Children’s experiences play a central role in the stories that follow, though their own voices and perspectives are notably, and intentionally, absent. Although many of the older children I spent time with, ranging from five to eight years old, had much to say about their experiences in foster care, the majority of children whose cases I followed were between infancy and five years old. Focusing on this young demographic limited children’s ability to communicate about, and reflect on, their experiences, but also foreclosed the possibility of their being able to actively and willingly commit to participation in a research project. I wrote about children primarily in contexts where social workers were already actively documenting their experiences and during the course of my formal and informal interviews with foster parents. Voices of children are occasionally present in the text, but the majority of my analysis focuses on the way children were positioned as objects of intervention and of protection, rather than as active subjects participating in and shaping the contours of their lives.

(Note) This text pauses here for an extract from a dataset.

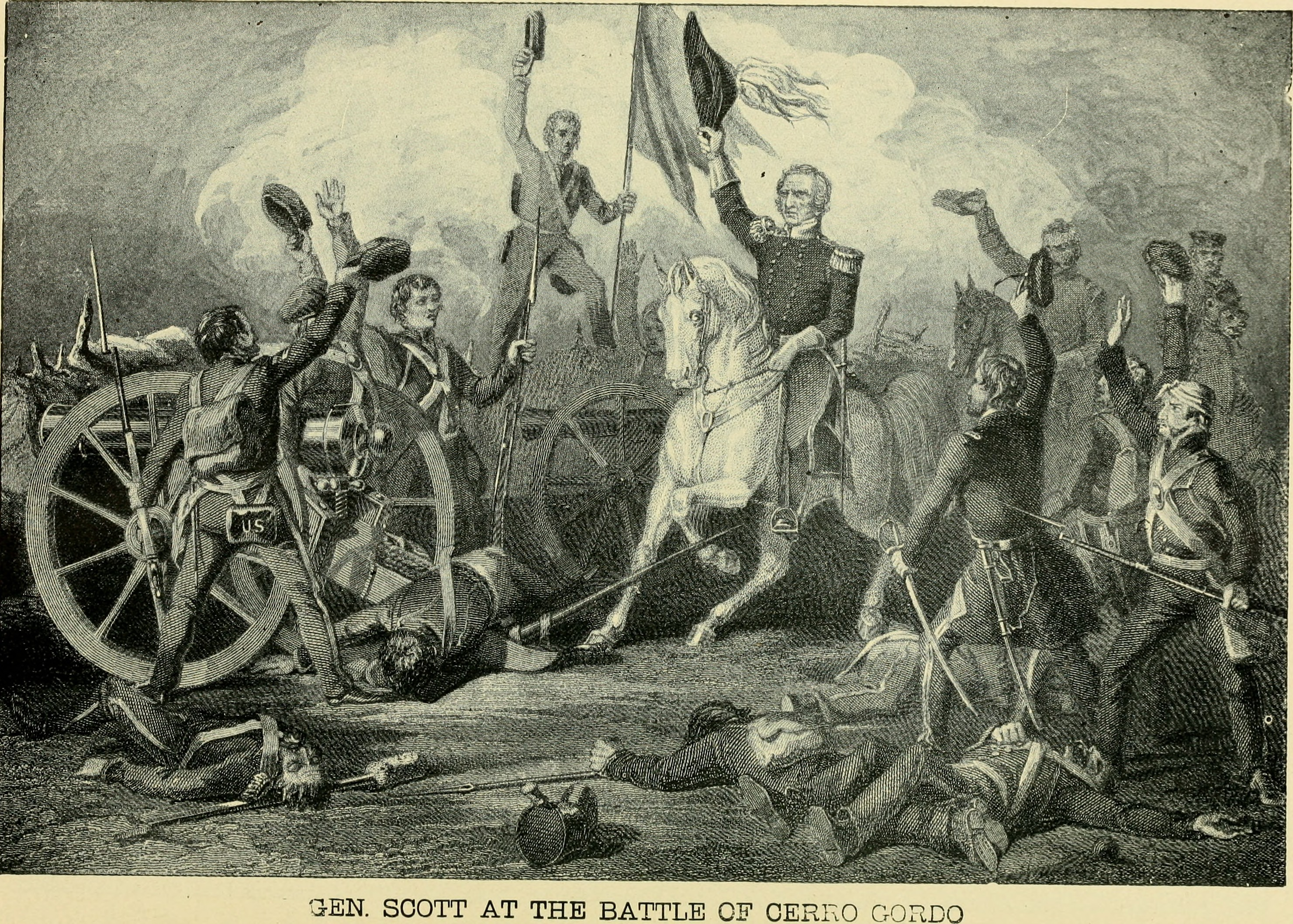 Winfield Scott Title: Winfield Scott on horseback.jpg Year: 1901 (1900s) Authors: Northrop, Henry Davenport, 1836-1909 Subjects: Publisher: Philadelphia, National pub co. Text Appearing Before Image: ' Text Appearing After Image: ADMINISTRATION OF JAMES K. POLK. 617 Scott^ avoiding a direct attack, turned theenemys I ^t, i^eized the heights commandingtheir position, and drove them from theirworks with a loss of three thousand prisonersand forty-three pieces of artillery. SantaAnna mounted a mule, taken from his car-riage, and fled, leaving the carriage and hisprivate papers in the hands of the Americans.Besides their prisoners, the Mexicans lostover one thousand men in killed and wounded. the second city of Mexico, containing eightythousand inhabitants, was occupied. Gen-eral Scott established his headquarters atPuebla, and awaited reinforcements. Theterms of the volunteers would expire inJune, and they refused to re-enlist, as theywere afraid to encounter the yellow feventhe scourge of the Mexican climate, theseason for which was close at hand. Theywere returned to the United States and Gen

A Temporality of Interruptions
I tell the stories of the children, parents, social workers, and legal actors who are introduced in this book through fragmented narratives. The cases themselves weave in and out, and often end abruptly, without resolution. Crucial details of many cases are missing and the end result for each child is often absent in the stories I tell in the pages that follow. In this way, the structure of the book and its stories mirror the experience of families embroiled within the child welfare system. As I recount, the actors and agencies involved often operate with partial information and constrained access. Cases are opened and closed according to the recommendations of social workers and lawyers and the determinations of judges. Decisions are often made based on incomplete case notes, and case files handed from social worker to social worker often go unread by overworked social workers who are regularly operating in crisis mode and constantly pressed for time. Social worker turnover is tremendous and children routinely interact with more than half a dozen case workers over the course of two years in foster care, which, at the time of this writing, is the average time a child spends in the system. Children and parents who have been legally separated often have difficulty locating each other, and obstructing this continued connection may, in some circumstances, be the goal of the child welfare agency, pursued in the name of child protection. Child welfare authorities operate in this realm of partial knowledge—it is a rare case that involves institutional actors who have a clear sense of what feels to them to be the “full story” from beginning to end. As a researcher, my access was similarly partial and fragmented, and there were few stories that I was able to track from start to finish. The gaps and omissions, however, are central to how this system operates, and are part of the story that needs to be told.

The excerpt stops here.